• Problem description
Below are records; the lines starting at the one with "水是景观的灵魂,金茂璞元摒弃" and ending at the one with "Profesor Nikola Kuzmičić" must be reproduced exactly, both included. Pictures must not appear.

• Records shown
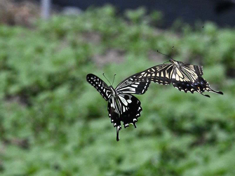 アゲハチョウ 求愛飛翔中のペア、左がオス、右がメス。 オスはメスの前方やや下を飛び求愛を示すが、交尾にいたることは少ないようだ。 【兵庫県東播磨:2025年7月31日撮影】 |
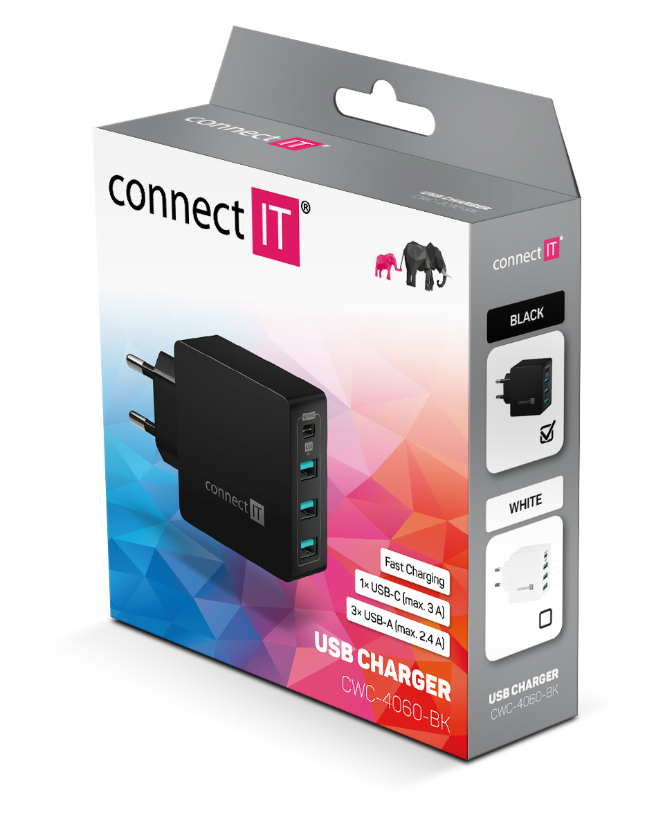 Cestovní USB nabíječka CONNECT IT "Fast Charge" určená pro napájení i nabíjení mobilních telefonů, tabletů, akčních kamer, elektronických čteček knih, MP3 a MP4 přehrávačů, herních konzolí a mnoha dalších přenosných zařízení doma, v kanceláři i na cestách.
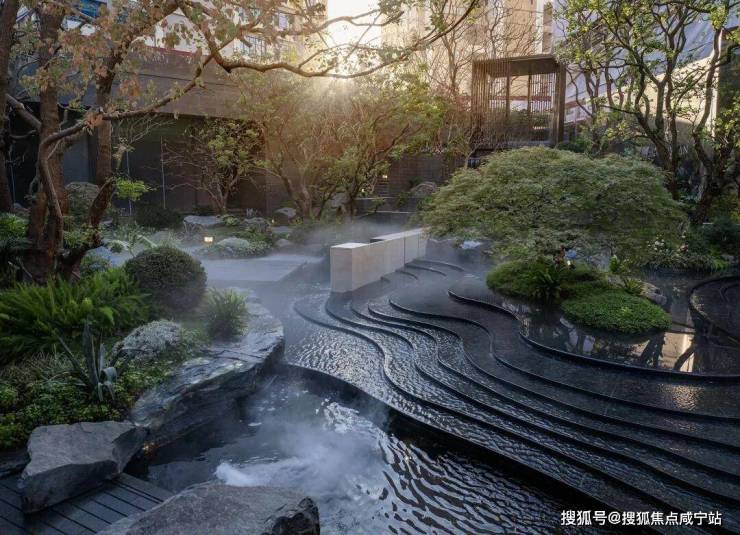 水是景观的灵魂,金茂璞元摒弃人工池塘的刻板设计,让水系循地形自然流转,复刻溪谷的灵动曲线。
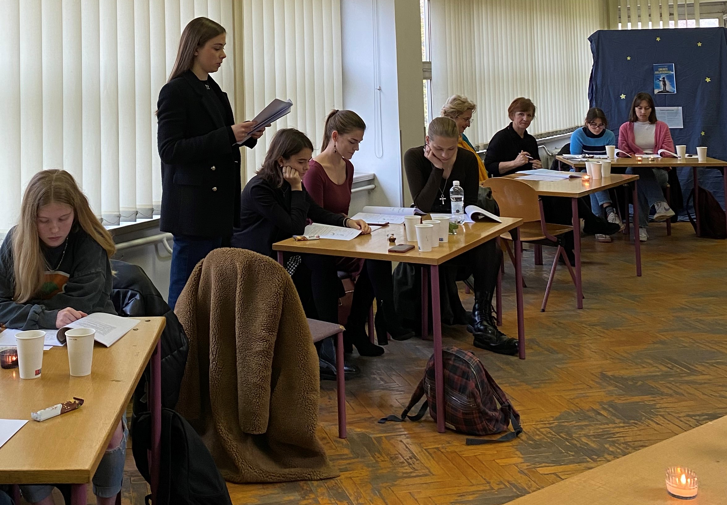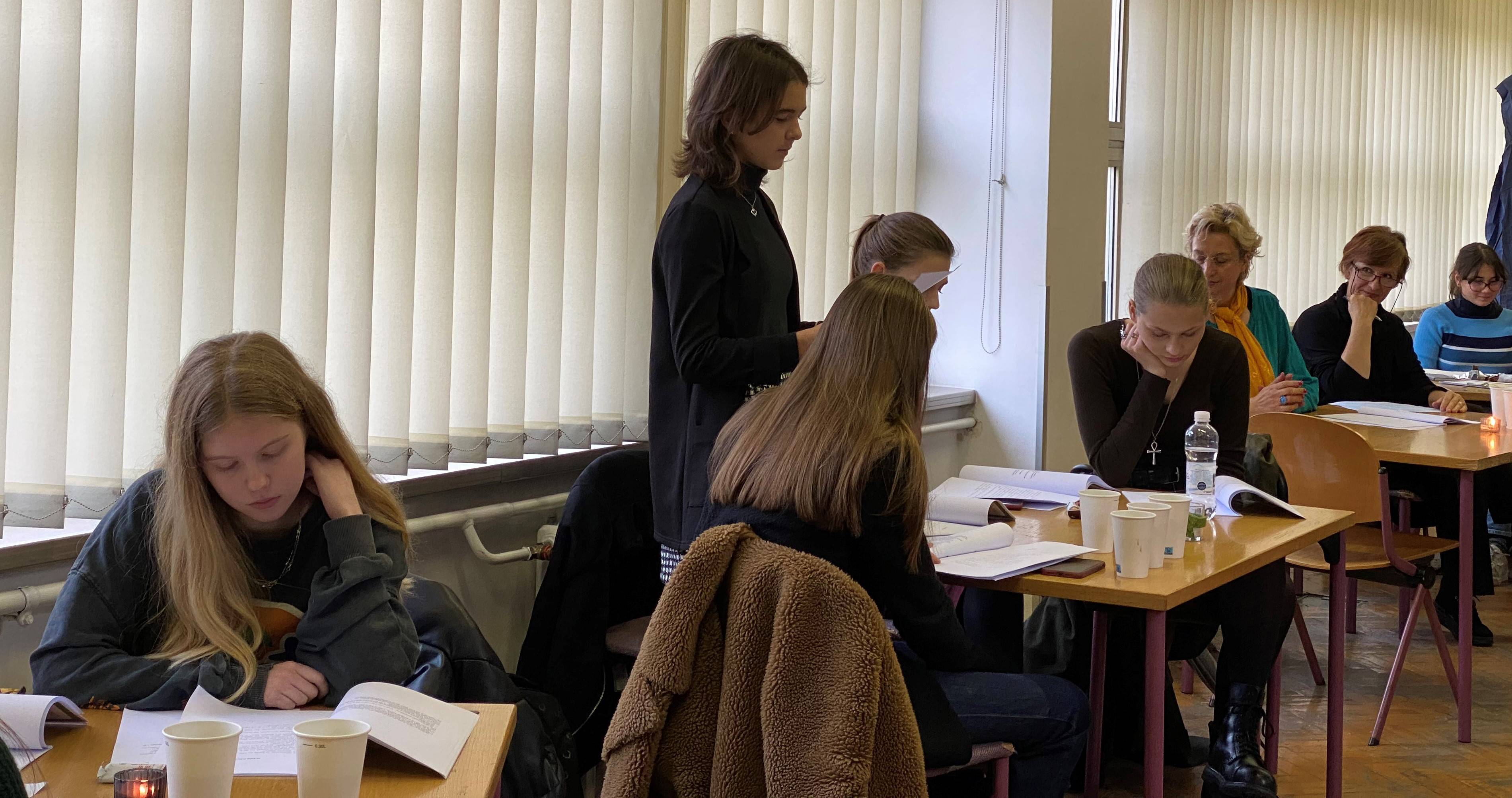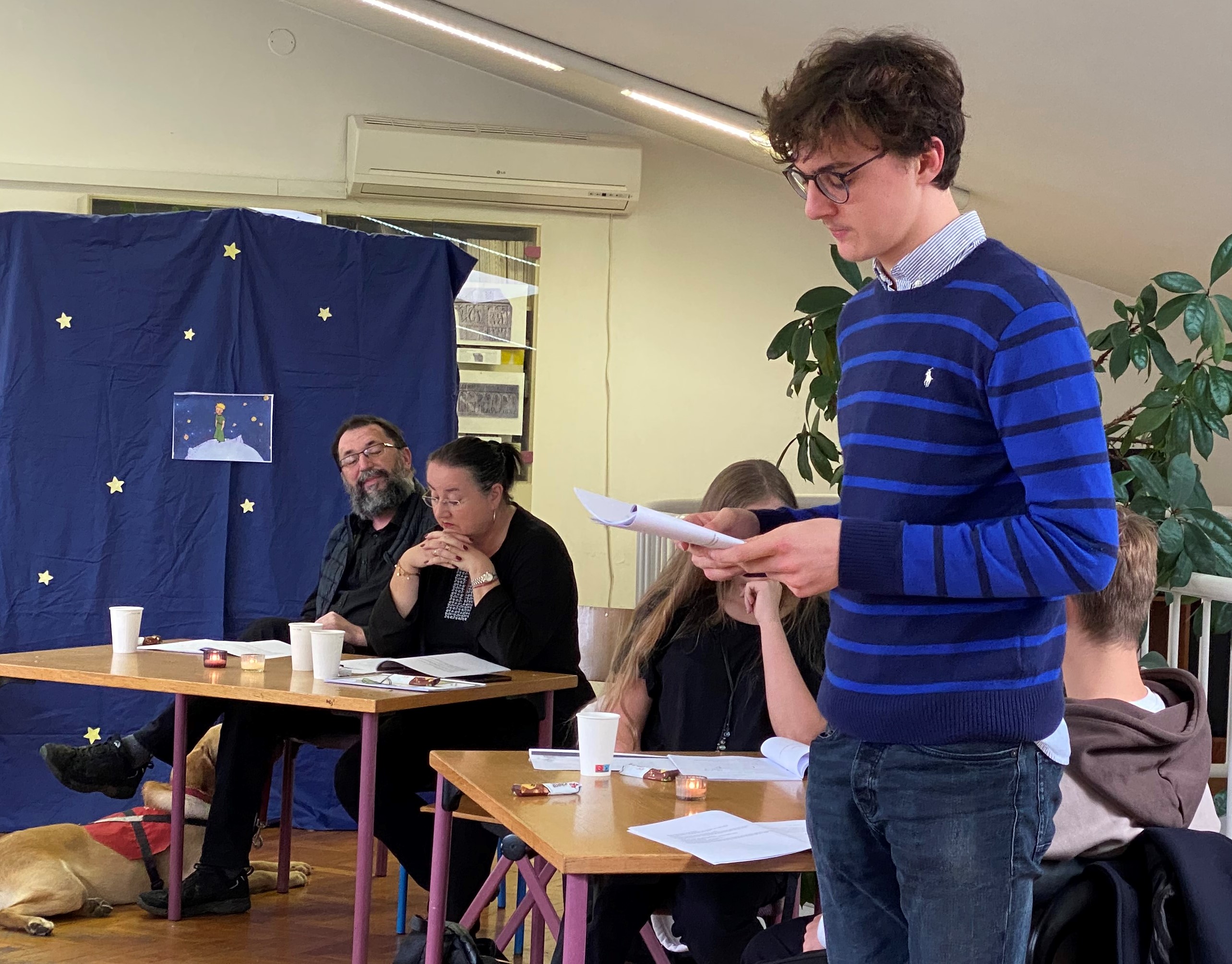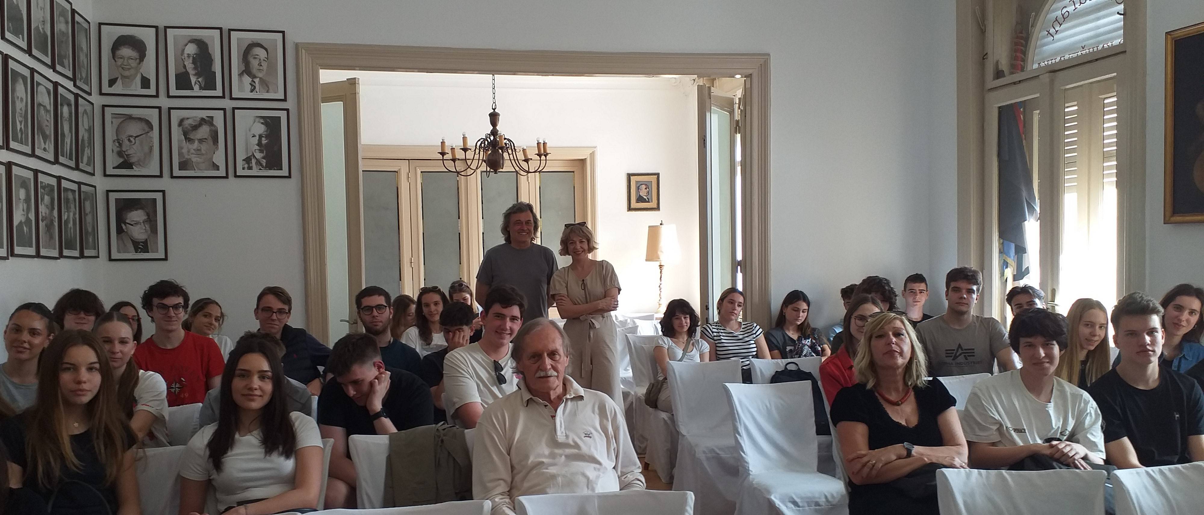 Profesor Nikola Kuzmičić kazivao je svoje stihove kolektivu I. gimnazije. Darovana poezija bila je ujedno znak zahvalnosti našim domaćinima.
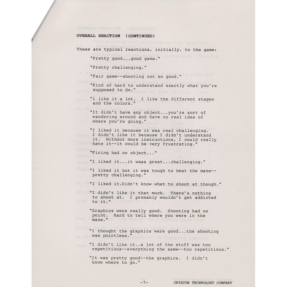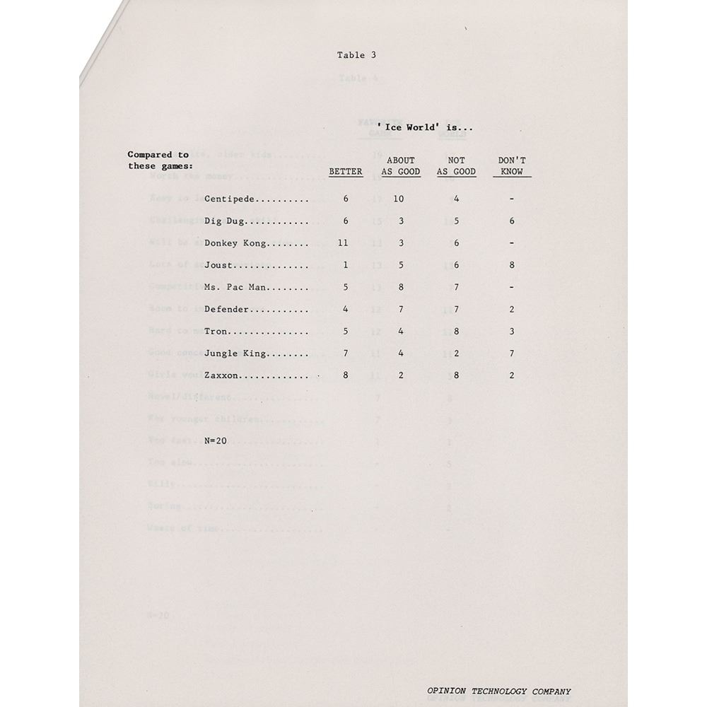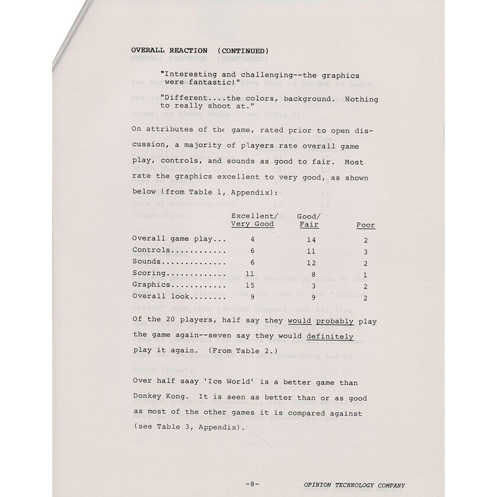 The earlier report, conducted on November 4, 1982, at Nichol’s Consumer Recruiting, summarizes the findings of two focused research groups in order to obtain initial player reaction to ‘Ice World’ among frequent arcade video game players in Santa Clara County. The first group consisted of younger players, aged 15 to 19, and the second group consisted of players over 20 years old. This earlier report is thus much more comprehensive and contains several sections related to the player experience and their initial thoughts and suggestions, touching on aspects like game concept, uniqueness, graphics, points of confusion, and more.

• Response area
 水是景观的灵魂,金茂璞元摒弃人工池塘的刻板设计,让水系循地形自然流转,复刻溪谷的灵动曲线。
 Profesor Nikola Kuzmičić kazivao je svoje stihove kolektivu I. gimnazije. Darovana poezija bila je ujedno znak zahvalnosti našim domaćinima.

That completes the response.